Entries provided START

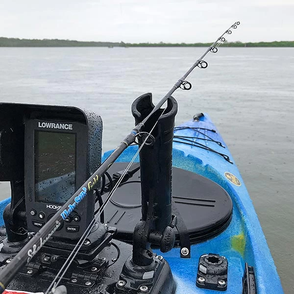 The Railblaza Rod Tube is ideal for kayaks where it is desirable that the reel and rod are upright and away from waves. The innovative folding extremity allows the rod to stay high and to be further extended.
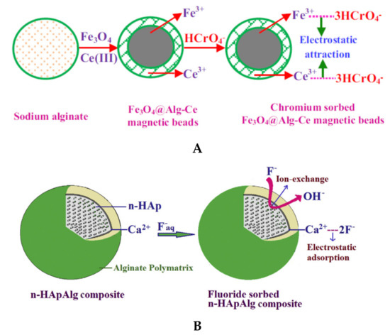 Structure of SA/magnetic (A) (reprinted with permission from ref. [67]) and SA/hydroxyapatite (B) composite beads (reprinted with permission from ref. [66]) and subsequent interaction with pollutants.
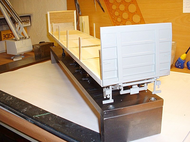 Ich hatte mir den Bausatz Racing Team Subaru von ITALERI gekauft, und im Sommer den Scania-Truck gebaut. Nun sollte der Anhänger folgen. Dabei kam ich auf die Idee einmal einen Plattentrailer zu bauen. Jetzt merkte ich aber dass man den Trailer aus dem Racing Team nicht für diesen Umbau gebrauchen konnte weil er keinen Rahmen besaß. Dieser Trailer besteht komplett aus einen" Kasten" mit Spoilern unten umlaufend. Hier werden die Achsen direkt an den Aufbau angeklebt.
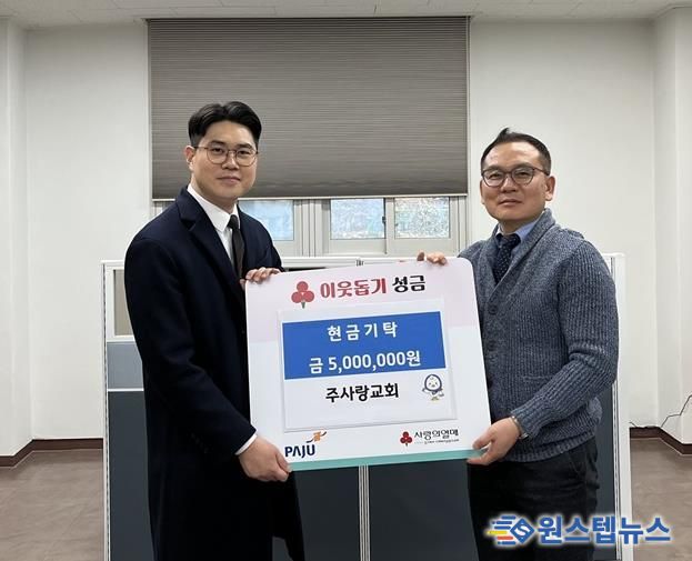 원스텝뉴스 이병희 기자 | 설 명절을 앞둔 지난 10일, 금촌2동에 위치한 주사랑교회가 지역 내 취약계층을 위한 성금 500만 원을 금촌2동에 전달했다.
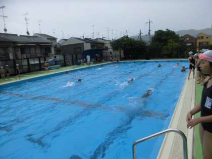 水泳学習が始まりました。3時間目途中には,雨が降り出しましたが,自分のめあてにそって,練習をすることができました。
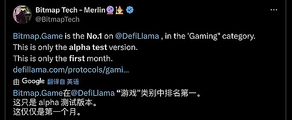 ● Bitmap Game @BitmapTech 在 @DefiLlama 的「游戏」类别中排名第一。
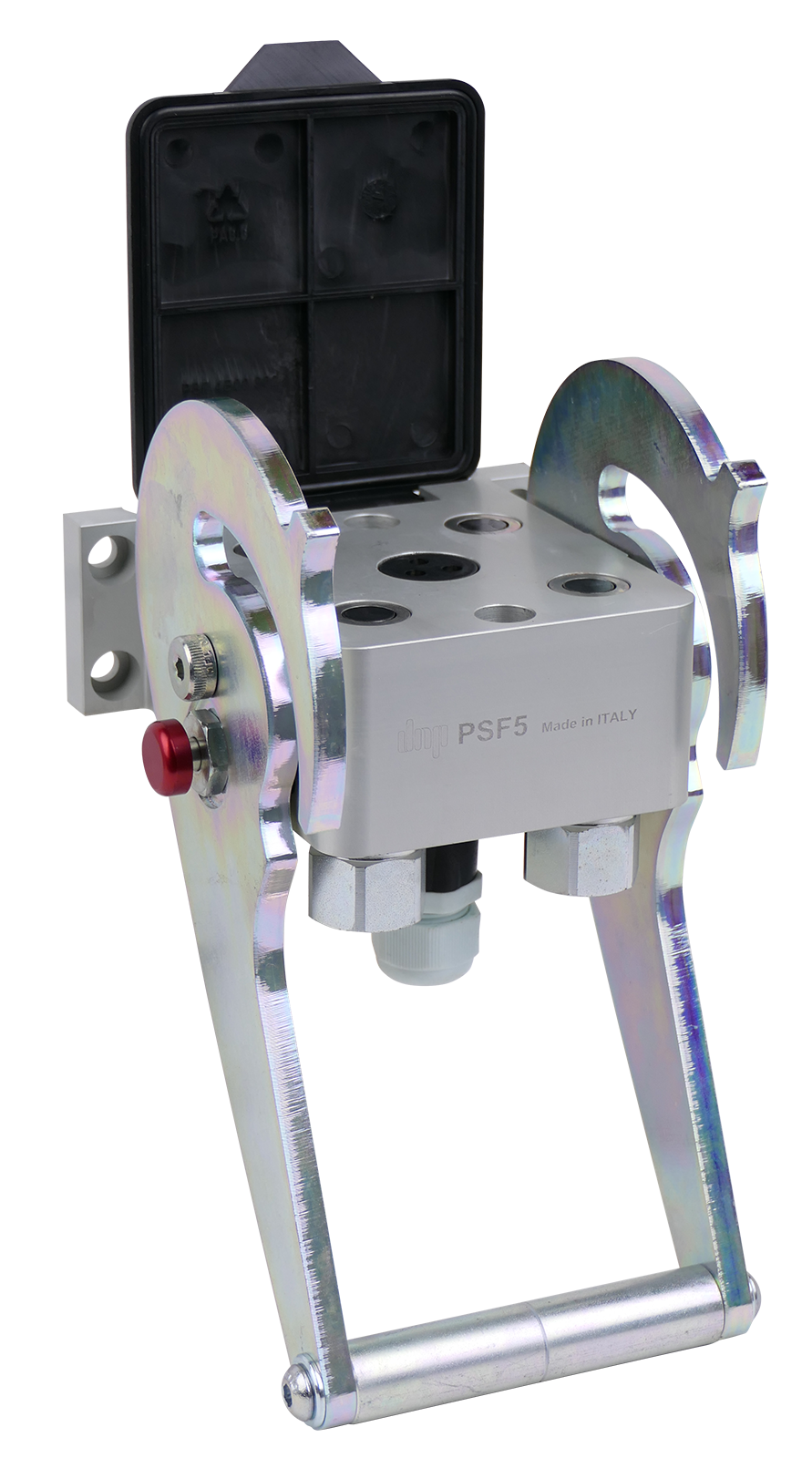 Die Multikupplung PSF von dnp wurde entwickelt um das Kuppeln unter Restdruck auf der Werkzeugseite zu ermöglichen. Die Kupplungsstecker erlauben das verbinden der Hydraulikleitungen bis zu einem Druck von 200bar! Die speziellen Dichtungen der Stecker sind für diese Anwendung ausgelegt.Die Verbindung der Hydraulikleitungen erfolgt über flachdichtende Kupplungselemente durch welche innerhalb kürzester Zeit mehrere Hydraulikleitungen miteinander verbunden oder getrennt werden. Dies geschieht mit einem Bedienhebel, dessen Führungskulisse so ausgelegt ist, dass die Bedienkräfte so gering wie notwendig gehalten werden.Die herausragenden Merkmale der Multikupplung sind die Verwechslungssicherheit der Anschlüsse, schnelle Verbindung, Kuppelbarkeit unter Restdruck sowie optimal minimierte Leckage während des Kuppelvorganges.Ein weiterer Vorteil ist die Austauschbarkeit mit der Faster Multikupplung P506. Es sind nicht nur die beiden Hälften des Multikupplers mit Faster P506 austauschbar sondern auch die Stecker und Muffen. Baugruppe 2/DN10Druck max. 250 barDurchfluss max. 46 l/minAnschluss R1/2″IG
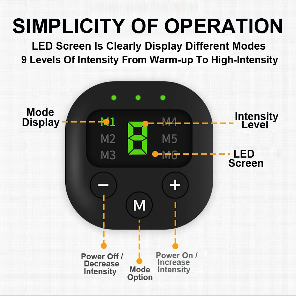 * 【 6 режимов с 9 уровнями 】 перезаряжаемое мышечное фитнес-устройство является профессиональным дизайном для мышечной тренировки, используется для различных физических упражнений, в общей сложности 6 режимов упражнений и 9 уровней интенсивности, от разогрева до интенсивных упражнений и, наконец, расслабления, расслабления и физических упражнений.

Entries provided END

### Your instructions
Give back exactly the lines from the top of the records to the line containing "在 @DefiLlama 的「游戏」类别中排名第一。", both included, and no pictures.

### Result for this exercise
 The Railblaza Rod Tube is ideal for kayaks where it is desirable that the reel and rod are upright and away from waves. The innovative folding extremity allows the rod to stay high and to be further extended.
 Structure of SA/magnetic (A) (reprinted with permission from ref. [67]) and SA/hydroxyapatite (B) composite beads (reprinted with permission from ref. [66]) and subsequent interaction with pollutants.
 Ich hatte mir den Bausatz Racing Team Subaru von ITALERI gekauft, und im Sommer den Scania-Truck gebaut. Nun sollte der Anhänger folgen. Dabei kam ich auf die Idee einmal einen Plattentrailer zu bauen. Jetzt merkte ich aber dass man den Trailer aus dem Racing Team nicht für diesen Umbau gebrauchen konnte weil er keinen Rahmen besaß. Dieser Trailer besteht komplett aus einen" Kasten" mit Spoilern unten umlaufend. Hier werden die Achsen direkt an den Aufbau angeklebt.
 원스텝뉴스 이병희 기자 | 설 명절을 앞둔 지난 10일, 금촌2동에 위치한 주사랑교회가 지역 내 취약계층을 위한 성금 500만 원을 금촌2동에 전달했다.
 水泳学習が始まりました。3時間目途中には,雨が降り出しましたが,自分のめあてにそって,練習をすることができました。
 ● Bitmap Game @BitmapTech 在 @DefiLlama 的「游戏」类别中排名第一。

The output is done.